Hawaii’s top emergency and weather officials are converging in Honolulu on Thursday as Gov. Josh Green hosts a hurricane outlook presentation for the 2026 season with the National Weather Service. The briefing is set to feature NOAA/NWS meteorologist John Bravender and state and county emergency leaders, including Maj. Gen. Stephen F. Logan, director of the Hawaiʻi Emergency Management Agency. Officials say they will walk through the forecast, interagency coordination and public safety resources, framing the event as a push for residents and local leaders to lock in emergency plans before storms threaten the islands.
According to KITV, county emergency management administrators from Kauaʻi, Maui and Hawaiʻi County will join the briefing. Organizers say the session will focus on how local, state and federal agencies coordinate and what tools are available for public safety and communications. KITV’s Island News staff reported that the timing is meant to nudge communities toward preparedness before hurricane season ramps up.
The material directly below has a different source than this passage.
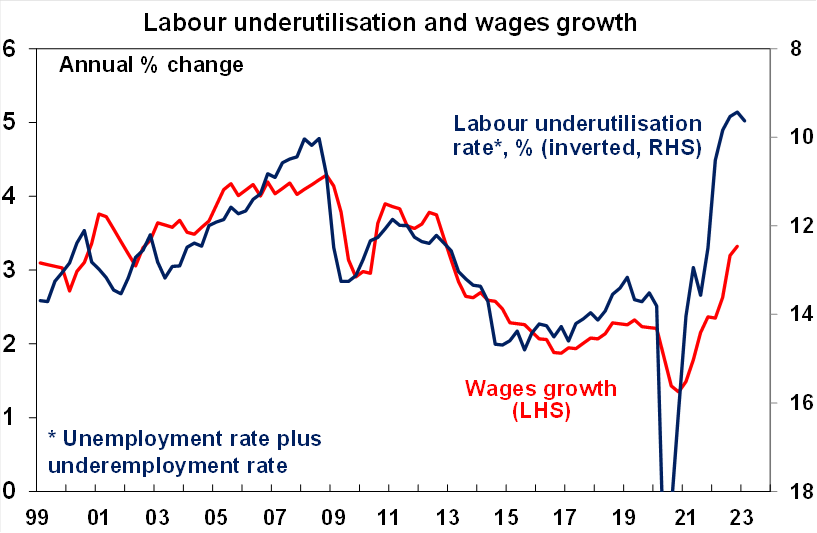 Australian economic events and implicationsThe Australian jobs market remained surprisingly strong in March. Employment rose by another 53,000, participation rose to a near record high, and unemployment was unchanged at 3.5%. Underemployment and labour underutilisation rose slightly though but the overall message is that jobs market remains tight and this runs the risk of a wages breakout. So far wages growth remains “three point something” which is consistent with the 2-3% inflation target but the continuing tight labour market, the lifting of public sector wage growth caps in NSW and Victoria and claims for a 7% increase in the minimum wage all point to upside risks for wages growth which will concern the RBA. So taken on its own the March jobs data adds to the case for another rate hike in May. However, the jobs market at least does not appear to be getting any tighter, it’s a lagging indicator and falling job openings and surging immigration point to a softer jobs market ahead. So, along with other signs of slowing growth and inflation, it makes more sense for the RBA to remain on hold which is our base case, but it’s a close call. The next round of inflation data will clearly be watched closely.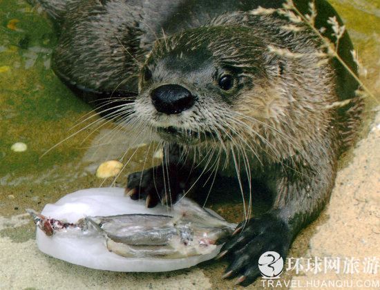 新澤西州西奧蘭治動(dòng)物園的一只水獺拿冰鎮(zhèn)魚當(dāng)零食。

Why NOAA's outlook matters to Hawaii
Federal forecasters released seasonal outlooks on Thursday that paint a split picture for the months ahead. NOAA is calling for a below average Atlantic season while expecting increased activity in the eastern and central Pacific because of a developing El Niño. As outlined by AP, that pattern can raise the odds that eastern Pacific systems or tropical moisture will influence conditions near Hawaii, even when storms track well south of the islands. The National Hurricane Center notes that routine Central Pacific tropical products resume on June 1, the official start of the Central Pacific season.
State teams gear up
State agencies and the National Guard have been in action since the spring Kona lows and subsequent floods, and the Hawaiʻi Emergency Management Agency says its severe weather resources and interagency coordination remain active as communities recover. In an April news release, HI EMA and the governor’s office detailed steps from dam and reservoir monitoring to sandbag distribution and National Guard support, and pointed residents to state preparedness resources. Maj. Gen. Stephen F. Logan, who leads HI EMA, is slated to take part in Thursday’s briefing to talk through those preparations and response plans.
Tools and tips for residents
Officials are urging residents to finalize family emergency plans, review insurance coverage and pack two week kits now, rather than waiting for a hurricane watch or warning. As KHON2 reported, Bravender has highlighted new probabilistic storm surge maps and the rollout of storm surge watches and warnings this season. Those tools, which will be pushed through emergency alerts, could shift evacuation guidance for vulnerable shorelines. The National Hurricane Center and NOAA preparedness pages offer checklists and instructions on signing up for official alerts and building a household plan ahead of June 1.
Bottom line
The Honolulu briefing gives state and county leaders a public stage to align messaging and resources as Hawaii heads into hurricane season, with officials saying the goal is clearer and faster coordination if a storm takes aim at the islands. Per the Hawaiʻi Emergency Management Agency, residents can sign up for alerts and find local readiness information on the state’s emergency pages and through the GoHawaiʻi app. NOAA’s seasonal outlook, together with the new forecasting and surge tools, serves as a reminder that even a single storm can have outsized impacts in Hawaii, so the time to prepare is now.